Dropbox phishing campaigns are relatively typical and often fool employees into revealing their sensitive information or installing malware.
Dropbox is widely used for sharing files and employees are used to receiving links advising them that files have been shared with them by their colleagues and contacts and phishers are taking advantage of familiarity with the service.
There are two chief types of Dropbox phishing attacks. One involves issuing a link that asks users to verify their email address. Clicking the link takes them to a spoofed Dropbox website that looks like the official website. They are then asked to enter in their login details as part of the confirmation process.
Dropbox phishing attacks are also used to send malware such as banking Trojans and ransomware. A link is broadcast to users relating to a shared file. Instead of accessing a document, clicking the link will result in malware being installed.
Over the past few days, there has been a huge campaign using both of these hacking methods involving millions of spam email messages. Last week, more than 23 million messages were sent in one day.
Most of the emails were spreading Locky ransomware, with a smaller percentage used to share Shade ransomware. There is no free decryptor available to unlock files encrypted by Locky and Shade ransomware. If files cannot be retrieved from backups, victims will have to spend big.
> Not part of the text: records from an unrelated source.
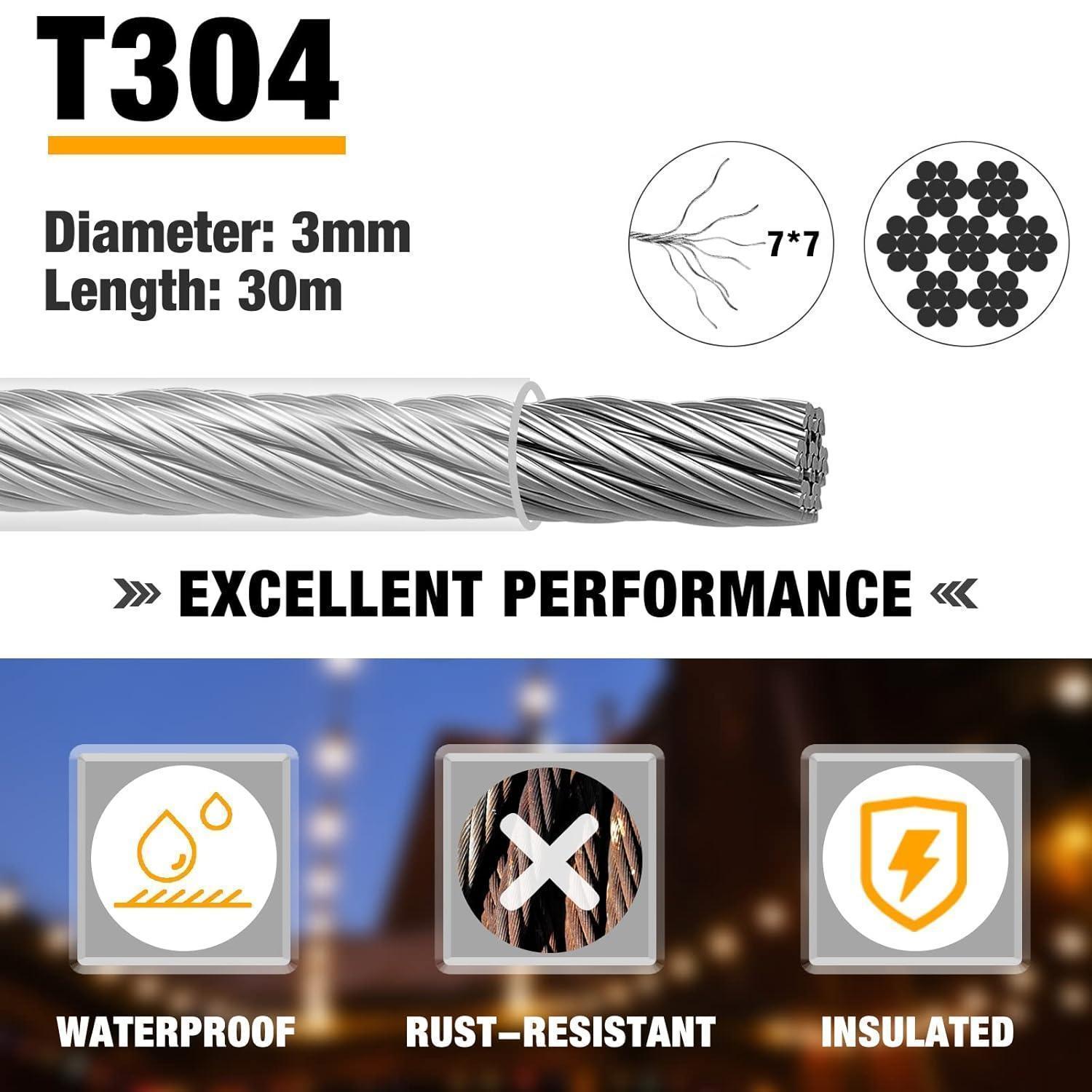 Edelstahl Stahlseil System: Umfassendes Set mit 30M 3mm 304 Edelstahl Drahtseil und umfangreichem Zubehör.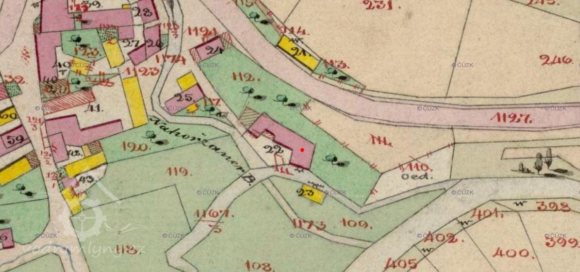 PopisV roce 1930 poháněla mlýn 2 kola na svrchní vodu, průtok 0,3 m3/s, spád 2,6 m, výkon 8,5 a 3,5 HP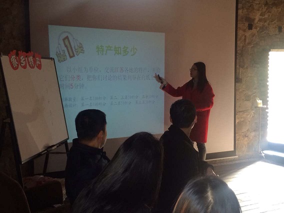 在简单的热身、破冰之后,由我校的陈慧老师带领大家一起体验了一节梦想课——《家乡特产》。陈老师采用了小组PK的形式,先以小组为单位在5分钟内列举江苏的特产,并进行分类。陈老师从列举的数量和分类设计方面进行了评价,给予小组相应的积分,调动了大家的积极性。在第二环节的家show环节,各位老师各显神通,展示的内容丰富,有介绍食品类的特产如常州的寸金糖、萝卜干;有介绍手工艺品的,如南通的盆景;还有介绍非物质类的,如常州的梳篦。展示的形式多元,有模仿《舌尖上的中国》的,有采用相声表演的形式,有的还把当地的童谣融入其中……欢声四起,乐在其中。在最后一个环节——特产大变身中,陈老师引导大家关注到了当前我们的一些特产面临的问题,引起了大家的深入思考……在最后的总结环节中,有的老师就合作谈了自己的想法,有的就我们的特产谈了自己的认识,有的针对这节课谈了它对自己教学的一些启发……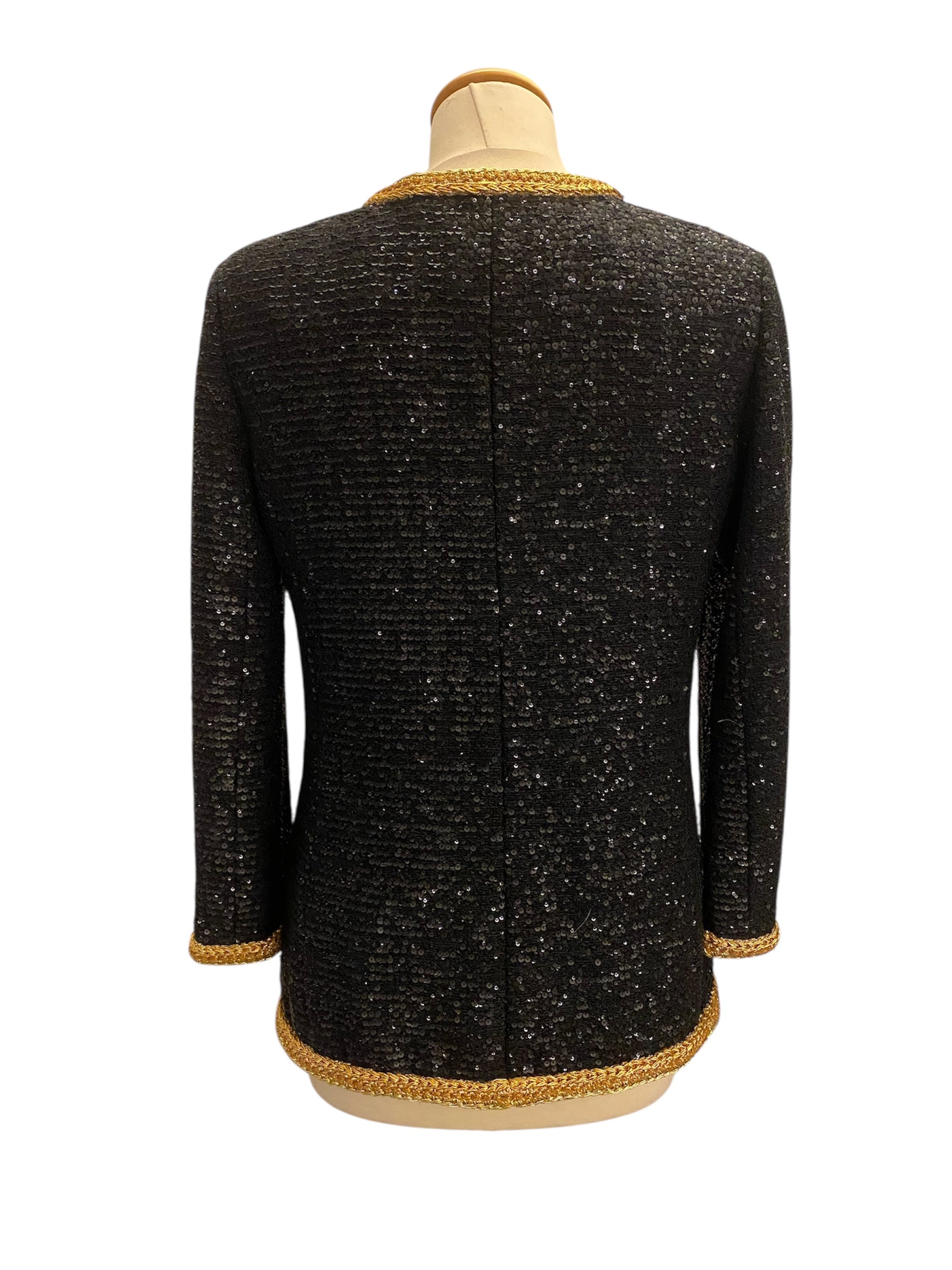 CHANEL Black and Gold Sequin Jacket Size Fr 36

Due to the increase in value of Bitcoin of late the cost of recovery is major. The malicious actors behind these attacks are demanding 0.5 Bitcoin per infected device – Around $2,400.
According to F-Secure, the majority of malware-related spam messages discovered recently – 90% – are being used to distribute Locky. Other security experts have issued similar reports of a surge in Locky infections and spam email campaigns.
To stop Locky ransomware attacks, companies should install an advanced spam filtering solution to stop malicious emails from being sent to end users’ inboxes. Occasional emails are likely to get past spam filtering defenses so it is important that all users receive security awareness training to assist them identify malicious emails.
A web filter can be highly successful at blocking attempts to visit malicious websites where malware is installed, while up to date antivirus and anti-malware solutions can detect and quarantine malicious files before they are clicked on.
Backups should also be completed of all data and systems and those backups should be stored on an air-gapped device. Ransomware variants like Locky can delete Windows Shadow Volume Copies and if a backup device remains connected, it is likely that backup files will also be encrypted.
Best practices for backing up data include three backup files being created, on two different media, with one copy stored offsite and offline. Backups should also be audited to make sure files can be recovered in the event of disaster occurring.
The rise in ransomware attacks has lead to the National Institute of Standards and Technology (NIST) to creating new guidance (NIST SPECIAL PUBLICATION 1800-11) on recovering from ransomware attacks and other disasters.